Hi, I am narrowing my lathe search. A 10L is #1 on my list, but usually a little over budget. Machines with some bed wear are less money. For a large part of what i want to do this should not be a problem, but I would still like good ways for some 4-10"long precision threads and shafts for future projects. My questions are if I send the ways out to get reground, or plained can I just bolt it all back together? The head stock seems to sit on the ways, does all the parts just sit .00xx" lower or do other portions require work? Is this expensive to have done? It would be nice to get a 10L now & in a year or three I could spend 600-800$ on it if need be. Thanks for your help, Jim. PS: I hope I posted this to the correct area.


----------



## Jim_cellarshop (Jun 5, 2011)

Thanks for info. I have too many projects I want to do to get that deep into a rebuild, so I will try to look for a lathe with at least fairly good ways. A few pics I've seen looks like they are pushing 0.010 or more. These are mostly older non hardened 10Ls, pipe cabinets etc.. I will probably wait till I pay off the family vacation &amp; then look for a nicer 10L. There are a few SB 9s around that would work but I really would like to have the larger spindle bore of the 10L. Thanks, Jim.


----------



## Jim_cellarshop (Jun 6, 2011)

Thanks for the chart, I kept a copy in my lathe search folder. I hope you don't mind. That is very enlightening as my higher tolerance needs will be for focus tubes 2.50-4.00" in dia w/ fairly fine threads (about 27-65tpi, I still have to figure if std threads will be close enough or if I'll have to alter the gearing). As your chart shows, as the dia increases the effect of the ways decreases, I had not thought of this. I was also looking at the ways as an indicator for the condition of the entire machine to at least some extent. The 'In praise of Klunkers' was very good. 80%+ of what I want to do could be done on a SB 9" or similar, 95% on a 10L. I see several people have moved these to the basement without too much trouble. My space limits me to about 24" between centers (I need about 18" bare min). I have been focusing on South Bends because there seems to be quite a few available for an affordable price, but more importantly because there seems to be plenty of used tooling &amp; parts.

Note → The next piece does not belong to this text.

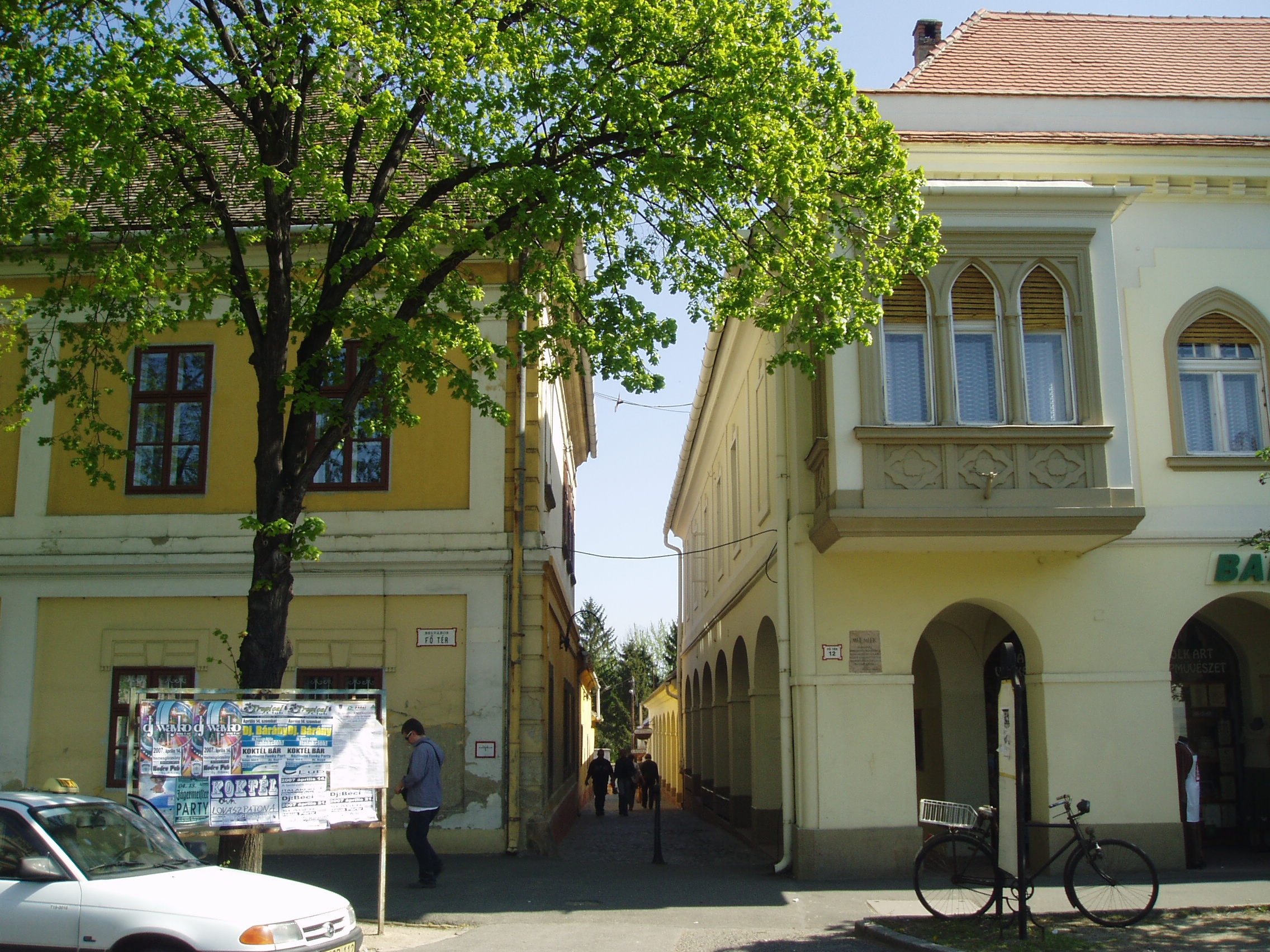 Nyilvános 982 | 2114 | Pápa, Ruszek köz (a Fő tér felől) | A Fő tér 11. és 12. számú épületek között nyílik a Ruszek köz. A bal oldali, egyemeletes épület (Fő tér 11.) a római katolikus plébániaház. A XVI. századi eredetű épület mai, jellegzetesen barokk megjelenését a XVIII. században nyerte. Jobbra az ún. Lábasház (Fő tér 12.) látható. A XVIII. századi, barokk stílusú épületet a keskeny Ruszek köz felőli oldalon hosszanti és harántívekkel ritmusosan tagolt folyosó tesz egységes megjelenésűvé. Valaha élénk kereskedelmi élet folyt itt. Az épület Fő tér felőli homlokzata a XIX. században neogótikus külsőt kapott. A Lábasház helyén volt a híres református kollégium első épülete. Eredetileg katolikus iskola volt, amely 1531-ben alakult át a protestánsok tanintézetévé, majd egy hosszabb fejlődési idő alatt, 1585-ben főiskolábá vált. 1752-ig állt ezen a helyen. Mária Terézia rendeletére ekkor szüntették meg a reformátusok vallásgyakorlatát, s az iskolát a közeli Adásztevelre száműzték, ott működött harminckét évig. 1784-ben térhetett vissza Pápára, s hamarosan felépült új otthona (lásd: Pápa, Petőfi u. 13.). Besétálva a Ruszek közbe, a nagy múltú iskola emléktáblája a bal oldali épületen olvasható. A fénykép 2007 áprilisában készült. Felh. irod.: Németh Adél - Szabó Lajos: Pápa. Bp. Panoráma, 1989 |

I am trying to not play musical lathes because my wife would kill me &amp; then I would not be able to do projects  Everyone here has been very helpfull, thanks!


----------



## Jim_cellarshop (Jun 6, 2011)

I was not thinking much about metric, although I may need to cut metric threads at some point. If I could not get a translation gear for a 10L, I would think/hope that there is some way to disengage the lead screw on a 10L from the gear box. I could then set up electronic gearing, I would like to avoid the hassle and expense, but machine automation is what I do for a living (not manual lathes &amp; mills but specialized production equip, lots of conveyor systems, material handling 3-6000hp. Want to centerless grind your pickup truck?). I do see change gear SB 9 (9Bs?) that looks like would be very flexible, all except the small spindle bore. Why do you like the single tumbler 10L better? These seem to be less expensive around here. Thanks, Jim


----------



## Jim_cellarshop (Jun 6, 2011)

The few older 10Ls I have seen for lower prices are the pipe tube and sheet metal cabinets with the single tumbler gear box. I know some of these are 'large spindle bore' and some are not. I am not sure what the other bore diameter is. This brings up the question of are there any 10Ls to avoid? Thanks, Jim.


----------